**** Record extracts ****

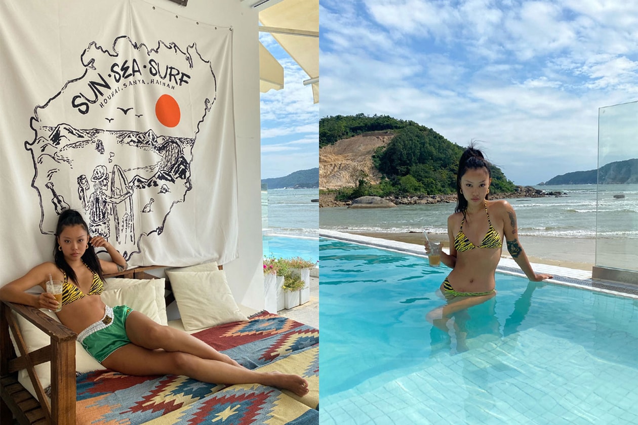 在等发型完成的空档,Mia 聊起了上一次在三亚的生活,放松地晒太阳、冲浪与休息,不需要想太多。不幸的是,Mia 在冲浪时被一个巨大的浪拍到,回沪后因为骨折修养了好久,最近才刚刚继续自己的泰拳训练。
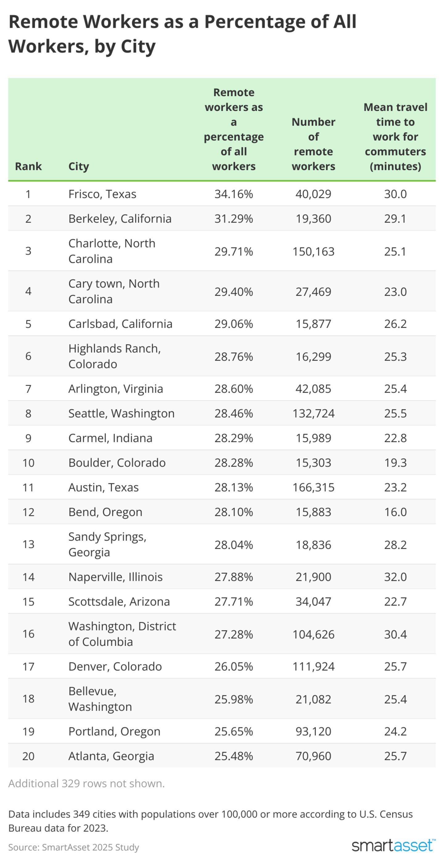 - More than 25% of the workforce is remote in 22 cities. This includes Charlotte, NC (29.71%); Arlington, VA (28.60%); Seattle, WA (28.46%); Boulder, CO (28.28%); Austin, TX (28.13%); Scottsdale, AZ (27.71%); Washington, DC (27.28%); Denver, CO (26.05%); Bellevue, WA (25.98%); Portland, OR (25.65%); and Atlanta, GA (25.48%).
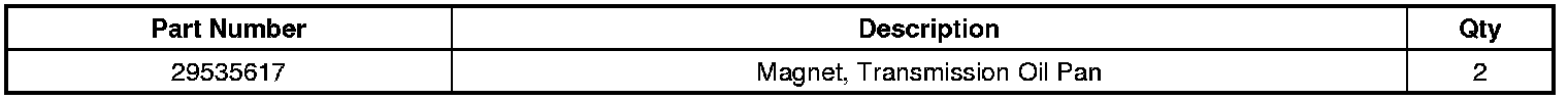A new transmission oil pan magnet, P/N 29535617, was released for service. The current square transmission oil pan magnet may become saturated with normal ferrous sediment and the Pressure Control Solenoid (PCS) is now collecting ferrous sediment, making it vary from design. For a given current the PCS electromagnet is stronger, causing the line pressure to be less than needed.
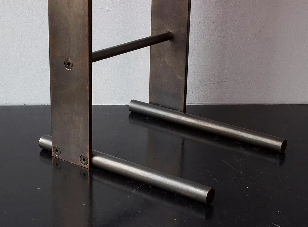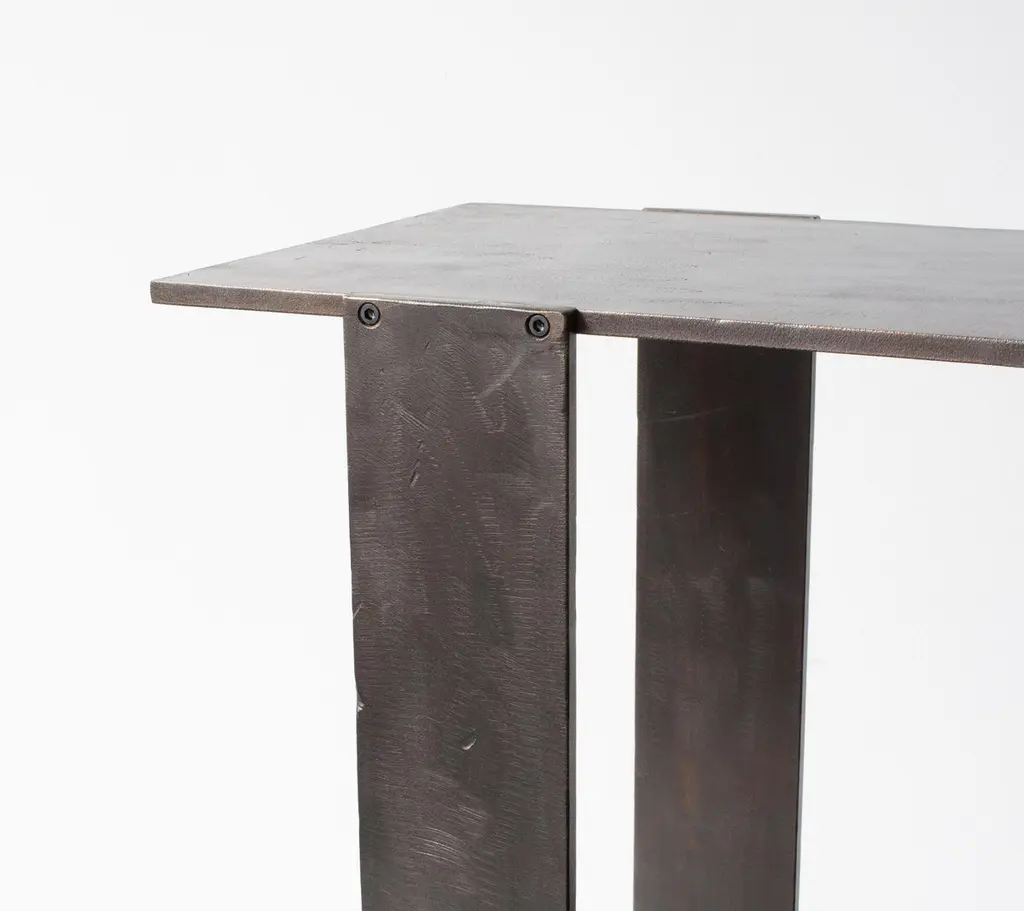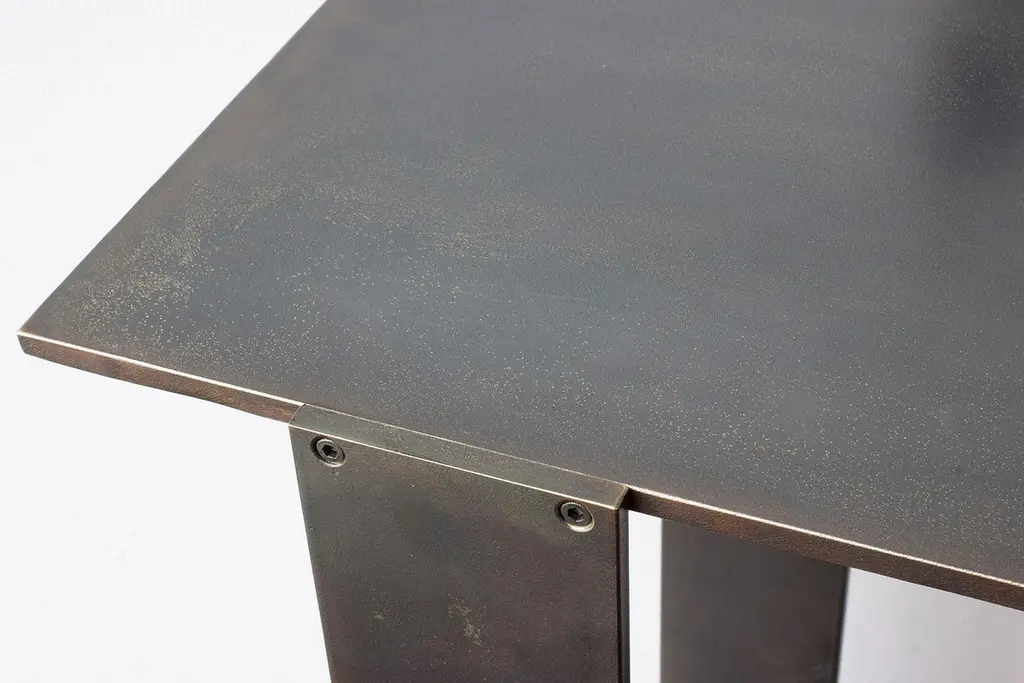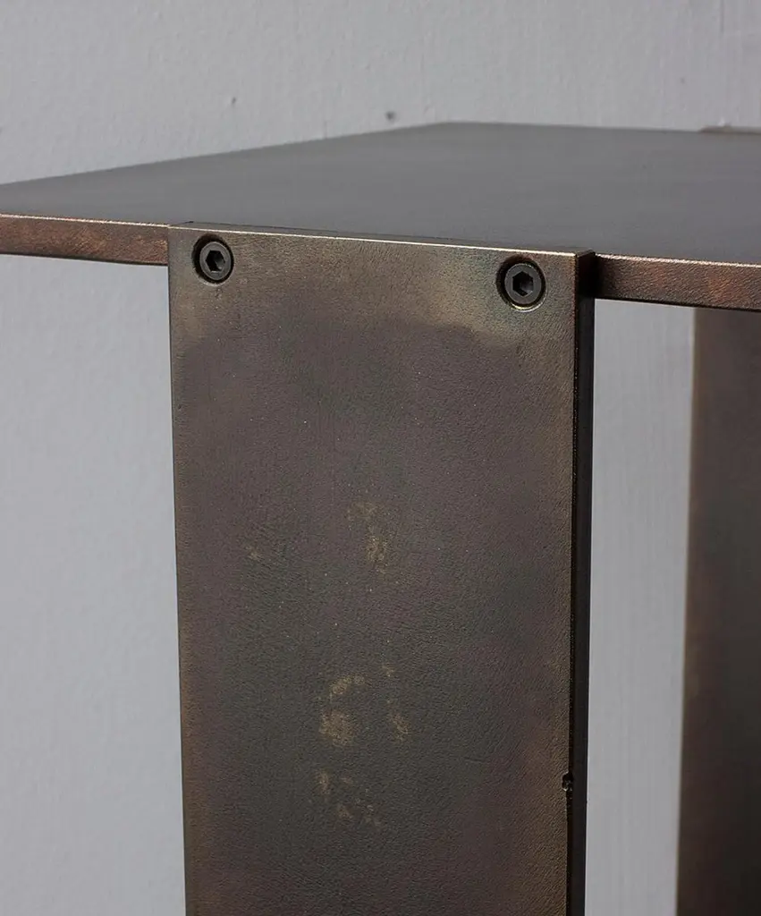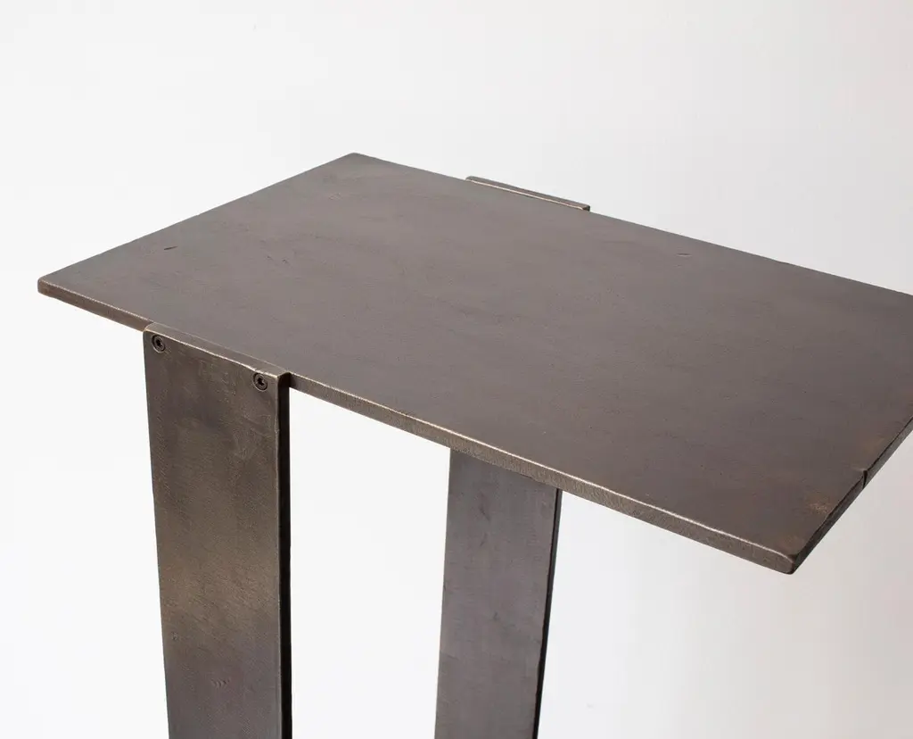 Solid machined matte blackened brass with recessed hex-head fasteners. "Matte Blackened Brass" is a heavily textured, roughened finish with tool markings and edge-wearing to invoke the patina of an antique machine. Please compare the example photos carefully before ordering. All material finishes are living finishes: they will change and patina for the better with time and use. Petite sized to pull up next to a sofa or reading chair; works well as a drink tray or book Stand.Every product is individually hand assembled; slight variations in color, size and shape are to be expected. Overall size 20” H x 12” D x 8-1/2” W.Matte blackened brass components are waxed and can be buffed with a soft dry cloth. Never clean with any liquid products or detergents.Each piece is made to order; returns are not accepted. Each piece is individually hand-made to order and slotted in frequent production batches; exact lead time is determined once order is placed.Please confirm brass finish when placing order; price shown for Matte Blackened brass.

****
**** Record extracts ****

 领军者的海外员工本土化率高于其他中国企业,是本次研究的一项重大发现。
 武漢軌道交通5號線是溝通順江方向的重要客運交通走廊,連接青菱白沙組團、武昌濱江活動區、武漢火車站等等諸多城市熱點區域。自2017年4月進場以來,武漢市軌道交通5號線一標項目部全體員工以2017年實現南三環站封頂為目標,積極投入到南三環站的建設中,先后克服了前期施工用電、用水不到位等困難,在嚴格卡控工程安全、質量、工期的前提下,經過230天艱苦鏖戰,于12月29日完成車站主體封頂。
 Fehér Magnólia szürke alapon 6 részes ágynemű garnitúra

****

Print, exactly and with no pictures, the lines of the listing above starting at the one that has "- More than" and ending at the one that has "Solid machined matte", both included.

Solution to the problem.
 - More than 25% of the workforce is remote in 22 cities. This includes Charlotte, NC (29.71%); Arlington, VA (28.60%); Seattle, WA (28.46%); Boulder, CO (28.28%); Austin, TX (28.13%); Scottsdale, AZ (27.71%); Washington, DC (27.28%); Denver, CO (26.05%); Bellevue, WA (25.98%); Portland, OR (25.65%); and Atlanta, GA (25.48%).
A new transmission oil pan magnet, P/N 29535617, was released for service. The current square transmission oil pan magnet may become saturated with normal ferrous sediment and the Pressure Control Solenoid (PCS) is now collecting ferrous sediment, making it vary from design. For a given current the PCS electromagnet is stronger, causing the line pressure to be less than needed.
 Solid machined matte blackened brass with recessed hex-head fasteners. "Matte Blackened Brass" is a heavily textured, roughened finish with tool markings and edge-wearing to invoke the patina of an antique machine. Please compare the example photos carefully before ordering. All material finishes are living finishes: they will change and patina for the better with time and use. Petite sized to pull up next to a sofa or reading chair; works well as a drink tray or book Stand.Every product is individually hand assembled; slight variations in color, size and shape are to be expected. Overall size 20” H x 12” D x 8-1/2” W.Matte blackened brass components are waxed and can be buffed with a soft dry cloth. Never clean with any liquid products or detergents.Each piece is made to order; returns are not accepted. Each piece is individually hand-made to order and slotted in frequent production batches; exact lead time is determined once order is placed.Please confirm brass finish when placing order; price shown for Matte Blackened brass.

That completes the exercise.